What you can do however is forward calls to a member function of a partially specialized type:

template<class T, class Tag>
struct helper {
    static void f(T);   
};

template<class T>
struct helper<T, tag1> {
    static void f(T) {}
};

template<class T>
struct C {
    // ...
    template<class Tag>
    void foo(T t) {
        helper<T, Tag>::f(t);
    }
};

Solution 2:

GCC is in the clear, here. MSVC has a non-standard extension that allows in-class specialization. The standard, however, says:

14.7.3.2:
2. An explicit specialization shall be declared in the namespace of which the template is a member, or, for member templates, in the namespace of which the enclosing class or enclosing class template is a member.
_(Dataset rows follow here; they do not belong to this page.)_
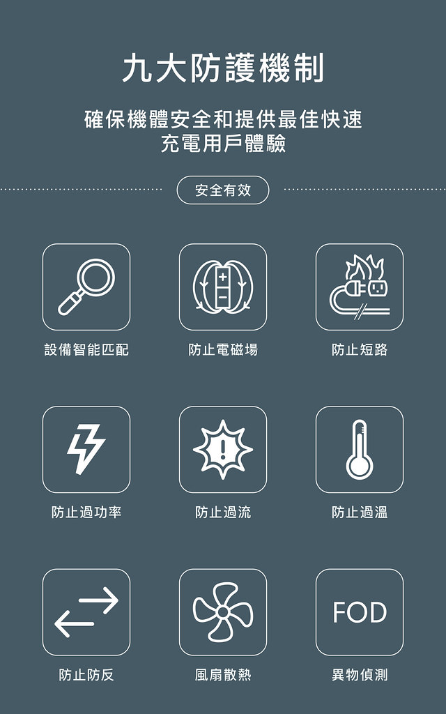 安全放喺第一位!通過雙風扇散熱系統和無線Tx模塊,主動散熱系統不但可以保持更穩定的能量傳輸,還可以防止任何安全隱患。
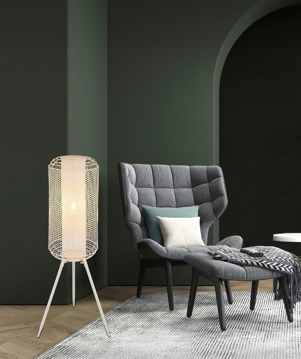 Sa svojim šarmantnim, okruglim dizajnom i mekom metalnom završnom obradom krem ​​boje, podna lampa DENTON donosi ugodnu atmosferu u svaku prostoriju. Tri čvrste noge daju lampi stabilan oslonac i elegantan izgled. Jednostavna, okrugla nijansa diskretno se uklapa u različite stilove interijera i osigurava ugodnu distribuciju svjetlosti. Sa prečnikom od 300 mm, DENTON je kompaktan i svestran—idealan za dnevne sobe, kancelarije ili spavaće sobe. Preklopni prekidač na kablu omogućava jednostavno rukovanje, dok E27 grlo (bez sijalice) daje vam slobodu izbora savršenog izvora svetlosti. DENTON kombinuje klasičan dizajn sa praktičnom funkcionalnošću, što ga čini savršenim dodatkom za stilski osviještene sobe koje cijene bezvremensku eleganciju.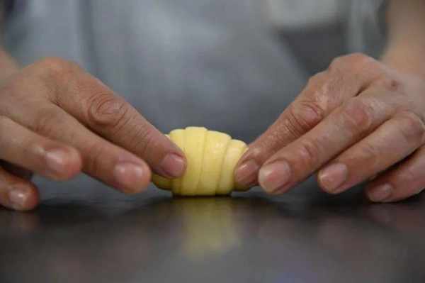 在鄒文君手中,一塊平淡無奇的起酥面團不到6秒就可以變換不同的形狀:牛角形、彎形、圓形……然後淋上蛋液、送入烤箱,待烘焙完成,自然持久的香氣瞬間彌漫在空中。“這讓我很有成就感。”鄒文君說,在她看來,好利來的甜點就像精致的藝術品,每一款都萃取精華、極盡巧思。“產品設計真得非常棒,太漂亮瞭。”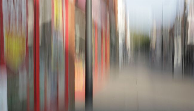 There’s beauty everywhere if you look for it, even outside a pound shop. Look for bold colors and the vertical lines of shop windows or lamp posts, then try an up/ down camera movement over a 1/15 sec exposure to create streaks of blur. A side-to-side movement or a swivel can also make interesting results.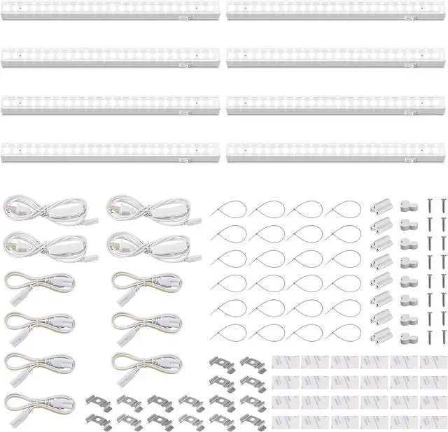 You Get: 8 x Barrina T5 Grow Lights 4 x Power Cords with ON/OFF Switch 7 x Connecting Cords( 39.37 '') 8 x Small Connectors 16 x Installation Clips 24 x Double-sided Tapes 24 x Cable Ties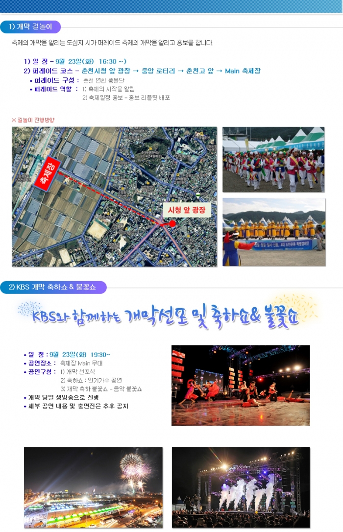| 19:00~20:00 | 19:30~21:00 KBS 개막 축하쇼 | - 한국밸리댄스 공연 - GBN 강원방송 - cj헬로비전 춘천닭갈비 막국수 가요제 (연예인축하공연) | - 시니어무용단 봉사단 "동행" - 김찬수 마임 - 아이엠 매직 마술공연 - 힙합 슈퍼소닉 - 훈남스 밴드 | - 오프닝 "진로이벤트" - 비보이 스탠딩피플 - 이집트 밸리댄스 - 팡타스틱 쇼 | ||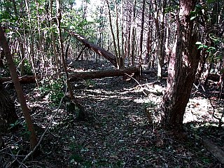 | 林道出合 | 金山山頂 | 県境稜線は倒木が道を塞ぎ歩き難い |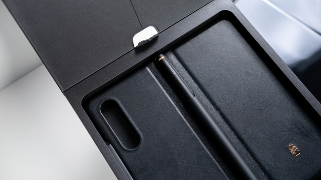 从包装到手机采用了黑金色调,黑色包装盒正中间是醒目的金色“心系天下”标识,很有尊贵感。礼盒式两侧打开后里面包含了手机、真皮保护套、专属S Pen、备用S Pen笔尖等配件。
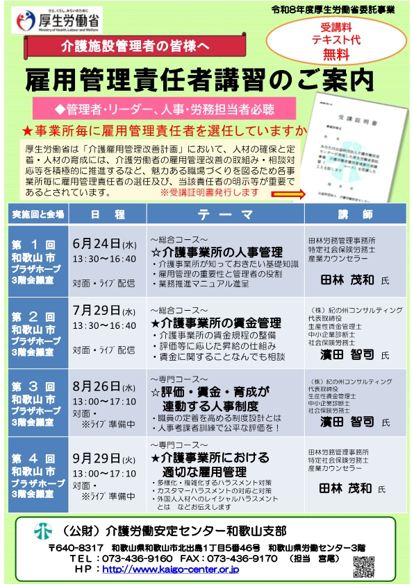 - 令和8年度雇用管理責任者講習のご案内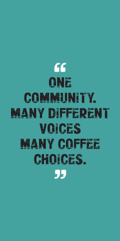 ONE ONE COMMUNITY. COMMUNITY. MANY DIFFERENT MANY DIFFERENT VOICES VOICES MANY COFFEE MANY COFFEE CHOICES. CHOICES.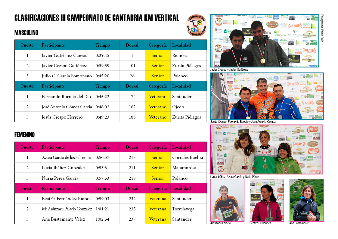 Clasificaciones IV Km Vertical® Fuente Dé Clasificaciones IV Km Vertical® Fuente Dé FEMENINOClasificaciones Copa España Carreras Verticales 2013 IV Km Vertical® Fuente Dé Clasificaciones Copa España Carreras Verticales 2013 IV Km Vertical® Fuente Dé femeninoClasificaciones III Campeonato Cantabria Km Vertical FCDMEClasificación absoluta IV Km Vertical® Fuente Dé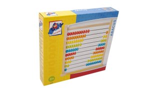 Dřevěné počítadlo v přírodním rámu Na 10 tyčkách je navlečeno celkem 100 ks dřevěných kuliček, které jsou roztříděné po deseti Hračka je výbornou pomůckou pro děti, které se začínají učit počítat
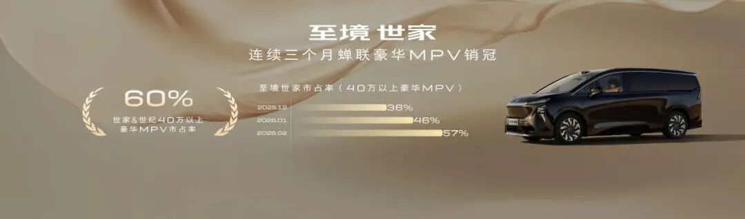 先看一组数据。至境世家插混版上市三个月,连续拿下40万以上豪华MPV销冠。市占率从36%一路涨到57%,和别克世纪一起,在这个价格段占了60%的份额——相当于每卖出5辆40万以上的豪华MPV,就有3辆来自别克。

An explicit specialization of a member function, member class or static data member of a class template shall be declared in the namespace of which the class template is a member.

Additionally, you can't partially specialize a function. (Though I'm unsure about the details in your case, that would be the final blow.)

You could do this:

#include <iostream>

struct true_type {};
struct false_type {};

template <typename T, typename U>
struct is_same : false_type
{
    static const bool value = false;
};

template <typename T>
struct is_same<T, T> : true_type
{
    static const bool value = true;
};

struct tag1 {};
struct tag2 {};

template< typename T >
struct C
{
    typedef T t_type;

    template< typename Tag >
    void foo( t_type pX)
    {
        foo_detail( pX, is_same<Tag, tag1>() );
    }

private:
    void foo_detail( t_type, const true_type& )
    {
        std::cout << "In tag1 version." << std::endl;
    }
    void foo_detail( t_type, const false_type& )
    {
        std::cout << "In not tag1 version." << std::endl;
    }
};

int main(void)
{
    C<int> c;
    c.foo<tag1>(int());
    c.foo<tag2>(int());
    c.foo<double>(int());
}

Though this is somewhat ugly.

Solution 3:

Came across this question. This should work:

struct tag {};

template< typename T >
struct C {   
    template< typename Tag, typename std::enable_if<std::is_same<Tag, tag>::value, int>::type = 0>
    void f( T ){
        std::cout<<"tag type" <<std::endl;
    }

    template< typename Tag, typename std::enable_if<!std::is_same<Tag, tag>::value, int>::type = 0>
    void f( T ){
        std::cout<<"non tag type" <<std::endl;
    }
 };

Solution 4:

I know this may not satisfy you, but I do not believe you may not have a specialization enclosed within a non-explicitly-specialized structure.

template<>
template<>
inline void C< tag1 >::foo< tag2 >( t_type ) {}